Seeking to convince skeptical conservatives to get behind him, Romney fought off attacks from Perry, who brought up an old charge that he hired illegal immigrants to cut his lawn.
After a testy exchange, Romney hit back.
“Texas has had a 60 percent increase in illegal immigrants in Texas. If there’s someone who has a record as governor with regards to illegal immigration that doesn’t stand up to muster, it’s you, not me,” he said.
Polls show Romney has the best chance of any Republican of defeating Obama, whose approval ratings have dropped as he struggles to revive the economy and cut the unemployment rate from 9 percent.
But pizza magnate Cain has headed recent polls of Republicans, many of whom think Romney is not conservative enough to deserve the nomination.
Romney, a far more confident and polished debater than in his 2008 presidential run, put Perry on the defensive over an evangelical pastor with ties to the Texas governor who criticized Mormonism.

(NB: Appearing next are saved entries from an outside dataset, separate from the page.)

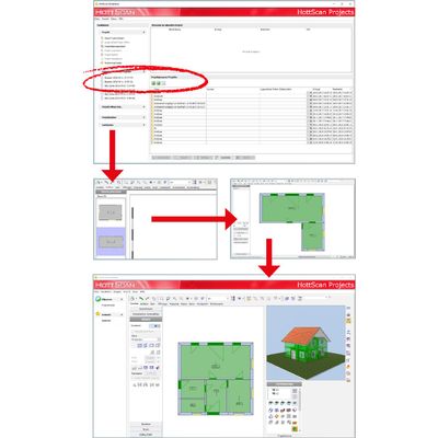 Room modeling: Fast and intuitive software for modeling planes. Determination and documentation of dimensions, measurement of certain spots and the control of complex conditions. As soon as ground or ceiling plane is created all other planes can be created with the useage of the prism function. Each plane or opening can be allocated to a component. Interfaces: Export of quantity analytics via CSV files. Geometries can be exported in Collada and DXF/ DWG files to CAD programms. E.g. for room design, bathroom and building planning. Tachymeter function: The tachymeter function generates additional laser measurement spots to the automatic aquisition programms. This add-on simplyfies the aqusition of planes and areas and enables more flexibility.The positioning of the laser can be effected with the integrated remote control of the HottScan room modeler or by manual positioning.
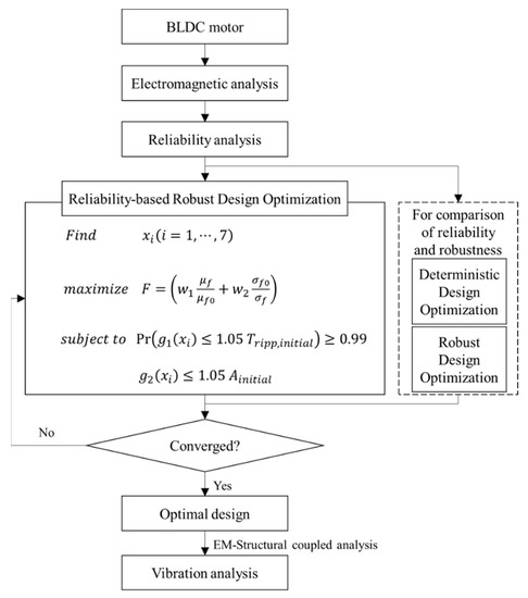 Equation (13) is the formula for the problem of RBRDO, which increases the robustness of the performance and reduces the failure rate by considering the manufacturing uncertainty of the BLDC motor. Figure 11 shows the RBRDO flowchart. The objective function is the same as the formulation of the RDO. The constraint condition is the failure rate; 99% reliability is achieved within the +5% change rate compared to the initial torque ripple. In this study, we used the system reliability optimization method for the RBRDO of the BLDC motor. This method is suitable when there are various constraints [32].
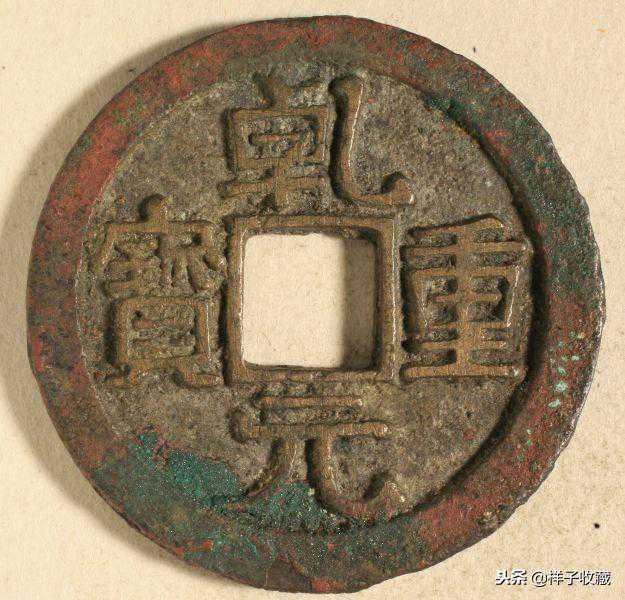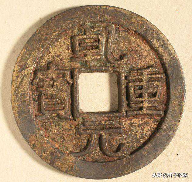 唐乾元重宝当十钱始铸于乾元元年(758年),乾元二年又始铸乾元重宝当五十钱,2种乾元重宝都有减重的小钱。
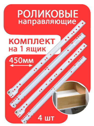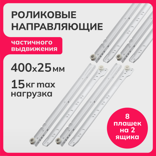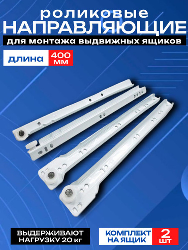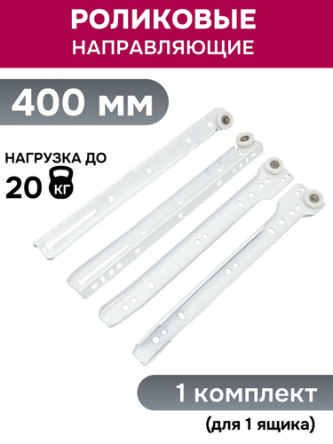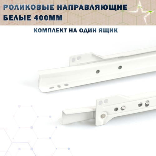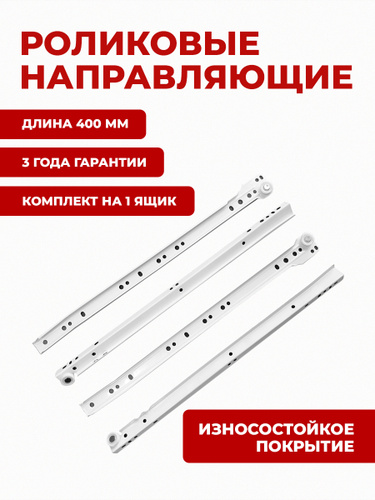 Направляющие роликовые 400 мм белый (2 шт), подходят для всех выдвижных ящиков
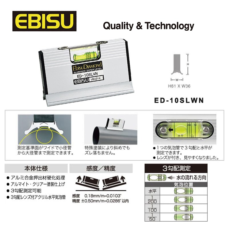 【日本EBISU】排水流向水平尺 100mm (無磁-圓弧底座)
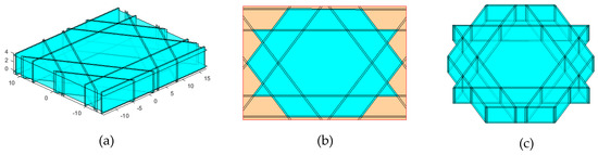 Cell decomposition: An arrangement of the extracted horizontal and vertical surfaces decomposes the building interior into a set of 3D cells. The intersections between all vertical surfaces with a horizontal structure, such as the floor surface of the building, are first computed. These line intersections are then used to partition the horizontal structure into a set of 2D cells using the 2D arrangement [38] of the Computational Geometry Algorithms Libraries [39]. These horizontal 2D cells are then extruded in vertical directions and intersected with the other horizontal surfaces (e.g., the ceiling) to generate 3D cell decomposition of the building interior. Figure 5 illustrates the cell decomposition of the hexagonal building from its vertical and horizontal surfaces.

“The idea that we should choose people, based on their religion, for public office is what I find to be most troubling,” said Romney, a Mormon. Perry replied that he did not agree with what the preacher had said.
The two men pointed fingers and shouted over each other as Perry brought up a story from Romney’s 2008 campaign, that he had hired a contractor that employed illegal Latin American workers to work on Romney’s lawn. Romney fired the company when he found out about the undocumented workers.
“Mitt, you lose all of your standing, from my perspective, because you hired illegals in your home and you knew about it for a year,” said Perry.
Cain under attack
Cain was a central target at the lively CNN-sponsored debate where candidates criticized his 9-9-9 tax reform plan.
“Herman, I love you brother, but let me tell you something. You don’t need to have a big analysis to figure this out,” said Perry, who showed a more robust performance than in recent debates.
Cain, the former Godfather’s Pizza CEO who has shot to the top of Republican opinion polls in the last few weeks, found himself taken seriously by rivals who had previously believed he would simply fade as time wore on.
Cain insisted his plan to reduce personal income and corporate taxes to 9 percent and create a 9 percent national sales tax would not raise taxes on middle-income Americans despite expert analysis that it would.
But instead of specifically explaining how his plan would bring in more revenue than the current tax system and why middle Americans would not pay higher taxes, he simply said his rivals were wrong and that they should read through his plan on his campaign website.
“That simply is not true,” he said at one point. “I invite people to look at our analysis which we make available.”
The flaw cited by the candidates in Cain’s plan is the 9 percent national sales tax, which would hit all Americans who already pay state sales taxes. A U.S. national sales tax does not exist and Republicans are wary of any effort to craft a European-style value-added tax.
Romney’s rivals again brought up the healthcare plan Romney fathered as governor of Massachusetts that Democrat Obama has said was a model for the 2010 overhaul the White House engineered, which conservatives want to repeal.
The Massachusetts plan is perhaps Romney’s biggest Achilles heel in persuading conservatives he is one of them.
“You just don’t have credibility, Mitt, when it comes to repealing Obamacare,” said long-shot candidate Rick Santorum. “Your plan was the basis for Obamacare.”
When former House of Representatives Newt Gingrich chimed in on the point, Romney told him a main feature of the Massachusetts plan, an individual mandate, had actually been Gingrich’s idea.
“Actually, Newt, we got the idea of an individual mandate from you,” he said.
“Wait a second,” said Gingrich. “What you said is not true.”